The hepatitis C virus genome and polyprotein processing. The HCV genome consists of a singlestranded RNA molecule of approximately 9.6kb. The ORF is flanked by 5′ and 3′ NTRs important in viral replication and translation of the HCV polyprotein via the IRES. The polyprotein is co- and post-translationally processed by host-encoded and viral proteases as indicated by the colored triangles.
HCV: Hepatitis C virus; IRES: Internal ribosome entry site; NTR: Nontranslated region; ORF: Open reading frame.

It is estimated that 130–170 million people worldwide are chronically infected with HCV. The majority of infected individuals will develop a chronic infection, which over 20–30 years causes progressive liver disease ranging from fibrosis to end-stage liver diseases such as cirrhosis and hepatocellular carcinoma.^[2] Due largely to the high degree of genetic diversity and rapid mutation rate of HCV, there is no preventative vaccine available and progress in the development of preventative and therapeutic vaccines has been slow. For more than a decade, the standard-of-care therapy for HCV infection was a combination of pegylated IFN-α and ribavirin (pegIFN-α/RBV) for up to 48 weeks. However, this treatment causes severe side effects and is only effective in eliminating viral replication in 50–80% of infected individuals, depending largely on the HCV genotype (of which there are seven) and host genetics, such as polymorphisms in the IL-28B gene locus.

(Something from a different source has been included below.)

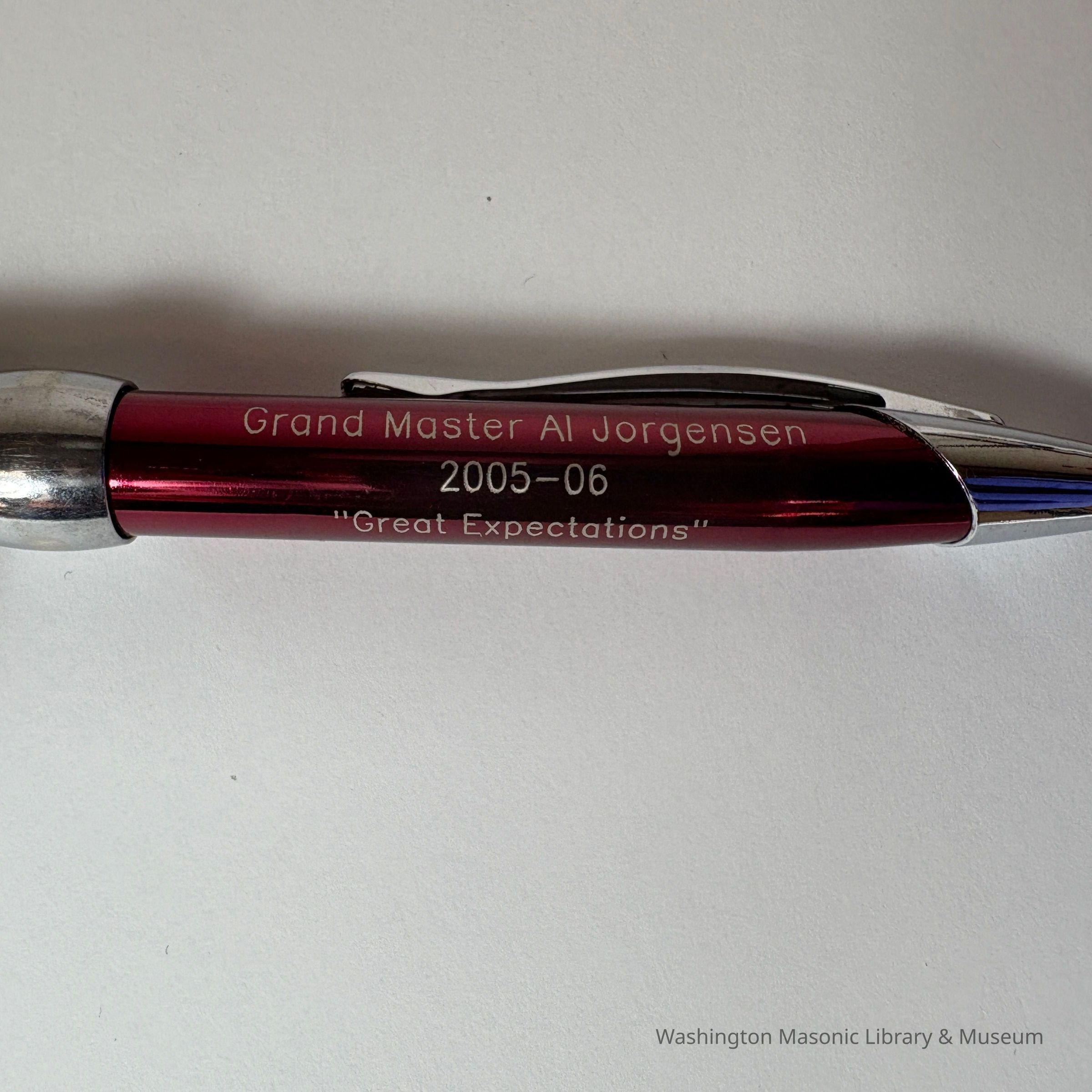 Pen: Red with silver accents. "Grand Master Al Jorgensen/2005-06/"Great Expectations"Collection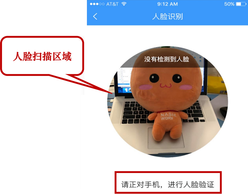 2.若客戶為首次辦理該業(yè)務(wù),則系統(tǒng)提示客戶需首先進(jìn)行人臉識別,并跳轉(zhuǎn)到【人臉識別】頁面??蛻舭凑障到y(tǒng)提示對準(zhǔn)人臉識別區(qū)域。

A new era in HCV treatment was heralded by the approval of first-generation inhibitors of the viral NS3–4A protease (telaprevir and boceprevir) for use in combination with pegIFN-α/RBV for treatment of infections with HCV genotype 1. More recently, a second-wave NS3–4A inhibitor (simeprevir – to be used in combination with pegIFN-α/RBV) and a promising nucleotide analog inhibitor of NS5B (sofosbuvir – to be used in combination with pegIFN-α/RBV or RBV), were approved by regulatory authorities in the USA, the European Union and Canada. Furthermore, multiple promising DAAs that target NS3–4A, NS5A or NS5B are in advanced stages of clinical development and numerous antiviral compounds that target these proteins, other HCV proteins and host factors are in earlier stages of development. Accordingly, there is great hope for safe, effective, all oral, pan-genotypic and IFN-free treatment regimens in the near future. In this review, we discuss the HCV life cycle in relation to current and future targets of antiviral drug development.